Já se conhecia a leveza do toque do realizador alemão, por vezes confundida com vacuidade (James Gray sofre de similares problemas de interpretação): Jerichow (2008) era a versão minimalista de The Postman Always Rings Twice e Barbara (2012), um notabilíssimo exercício de subtileza, fino, rigoroso e comovente. No entanto, impressiona a forma como neste caso aguenta o peso da dita simbologia. Mais, como sobreviveria perfeitamente sem esta. Não sendo um filme de género, Phoenix insere-se na tradição do cinema do pós-guerra berlinense [Germania anno zero (Alemanha, Ano Zero, 1948), Berlin Express (O Expresso de Berlim, 1948) entre outros], na do film noir (a desconfiança, as traições, as reviravoltas), e na do thriller psicológico, na medida em que Petzold sabe guardar como poucos o mistério, não só da história mas também (ou principalmente) o do próprio filme. Nunca será de mais louvar a sofisticação narrativa do alemão, a maneira como a exposição é limitada ao essencial e a informação doseada inteligentemente. No entanto, o mais notável é o facto de o filme jamais se fixar realmente nos símbolos ou nos géneros que aflora ou até na narrativa, conservando o seu segredo para lá da imagem final, na qual a figura em primeiro plano sai de campo e o fundo permanece desfocado.
O mais notável é o filme jamais se fixar realmente nos símbolos ou nos géneros ou até na narrativa, conservando o seu segredo para lá da imagem final.
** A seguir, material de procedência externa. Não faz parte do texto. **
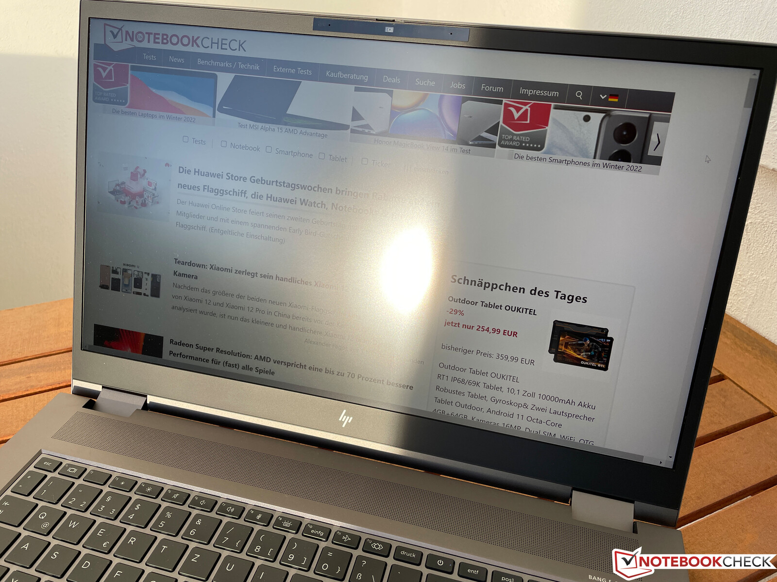 HP annonserar en genomsnittlig ljusstyrka på 550 cd/m² och vi kan bekräfta detta värde efter våra mätningar. Svartvärdet är också hyfsat på 0,33 cd/m² med tanke på den höga ljusstyrkan, vilket resulterar i ett mycket högt kontrastförhållande på mer än 1700:1. Du kan bara se mindre bakgrundsbelysningsblödningar längs kanterna även vid maximal ljusstyrka på en mörk bakgrund, men de är inget problem i praktiken. Det finns ingen PWM, bara svarstiderna är ganska långsamma, vilket resulterar i synlig ghosting.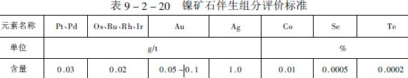 我國目前鎳礦床地質評價標準列于表9-2-18。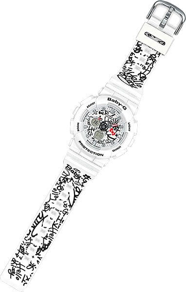 Baby-G Hello Kitty Limited Models. Еще одна коллаборация: BABY-G совместно с HELLO KITTY выпускают ограниченную серию часов, сочетающих классический узнаваемый корпус и яркий дизайн в стиле граффити 70-х годов прошлого столетия. Свобода в выборе и самовыражении, дух улиц и бунтарство - отличительные черты владелицы этих часов. Светодиодная подсветка с функцией автоматической подсветки при наклоне часов. Функция секундомера. Таймер обратного отсчета. 5 ежедневных будильников. Автоматический календарь. Функция мирового времени. Отображение времени в 12-часовом или 24-часовом формате. Особая ударопрочная конструкция защищает от ударов и вибрации. Минеральное стекло устойчивое к возникновению царапин. Ремешок из полимерного материала. Натуральный полимерный материал является идеальным для изготовления ремешка благодаря своей чрезвычайной прочности и гибкости. Корпус выполнен из высококачественного пластика. Задняя крышка стальная. Водонепроницаемость (10 Бар).

Nos filmes anteriores, a (complexa) simplicidade do cinema de Petzold poderia parecer realista. Se em tempo algum o foi, Phoenix é a primeira vez em que se apresenta gloriosamente cinematográfico (pressentindo-se uma futura acusação de academismo). Esta Berlim é de cinema, iluminada com a artificialidade dos estúdios americanos dos anos 40 (a fotografia de Hans Fromm é lindíssima); fantasmática e enigmática, é um eco da cidade verdadeira. O enredo é o de Vertigo (A Mulher Que Viveu Duas Vezes, 1958), ao contrário, retorcido, subvertido: Nelly é Judy e Madeleine e Carlotta Valdes e nenhuma delas é se não a espantosa e maleável Nina Hoss. E ela é outra, sempre. Tal como passa do sussurro à voz segura quando canta Speak Low de Kurt Weill (canção obcecante e leitmotiv do filme, na versão do compositor), de fantasma envolto em ligaduras transforma-se num pássaro (fénix) frágil e assustado, que mal se pode ter nuns saltos altos, e, depois, na vistosa cantora de cabaret, de vestido vermelho e sapatos de Paris.
A esta altura, já não basta considerar Nina Hoss a musa de Christian Petzold. Ela é também cineasta. Phoenix é mais uma grande obra de Petzold e Hoss.